In this midst of this heartwarming story, people have used the scenario to sell their products. For example, the host of a live TV program shaved his head in front of Ali, Mahan, and the camera. Some other showmen have done similar things. Some have also encouraged Ali’s creative and heroic action in an under-privileged, far off village, and have asked that his story be added to school books. This reaction reminded me of my childhood, reading about Petrus the Hero in my fourth grade textbook. In the story, Petrus lives in a city in Holland where he walks by a dam every day. One evening, on his way home from school, he notices a hole in the wall of the dam. He puts his finger in the hole to block the water that’s pouring through, and stays there all night in the cold. This simple, heroic act stops a disaster from happening and saves the people of the city. Back then, my classmates and I wished our town had a dam with a hole in it so we could block it with our fingers and become heroes like Petrus.

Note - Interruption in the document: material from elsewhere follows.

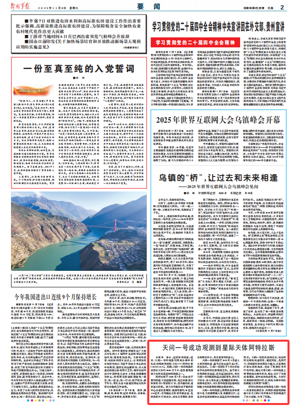 解放军报讯 张未、记者刘丹报道:近日,天问一号环绕器利用高分辨率相机成功观测到星际天体——阿特拉斯(3I/ATLAS)。其间,天问一号环绕器距离目标天体约3000万千米,是目前观测该天体距离最近的探测器之一。

But those years were contemporaneous with the Islamic Revolution of 1979 when bloody battles in the streets, arrests, and political revenge were current and no one was thinking about the lessons printed in a fourth grade textbook. It took several years to realize that the story of “Petrus the Hero” was actually taken from the book Hans Brinker, or The Silver Skates by Mary Mapes Dodge, an American Author, who in 1865 had published a book of stories about life in Holland. For a revolutionary and anti-American government it could be a full-fledged disaster if this slight was uncovered and the people found out that the hero in their kids’ textbooks was actually created by an American! I don’t remember exactly when the story of Petrus was eliminated from textbooks, but the story that replaced it focuses on an Iranian teenager who participates in the Iran-Iraq war and, wearing a few grenades, throws himself under an enemy tank. It’s a violent story that’s supposed to inspire a heroic mentality in the 10-year-olds who read it. This story still exists in Iranian textbooks, but I prefer the story of Mahan and his teacher; it’s a humane and delicate story that carries learning and developmental points for kids. At the same time, people in every part of the world, from any ethnicity, religion, or culture, can understand Mahan’s story and think about their fellow human beings when they read it.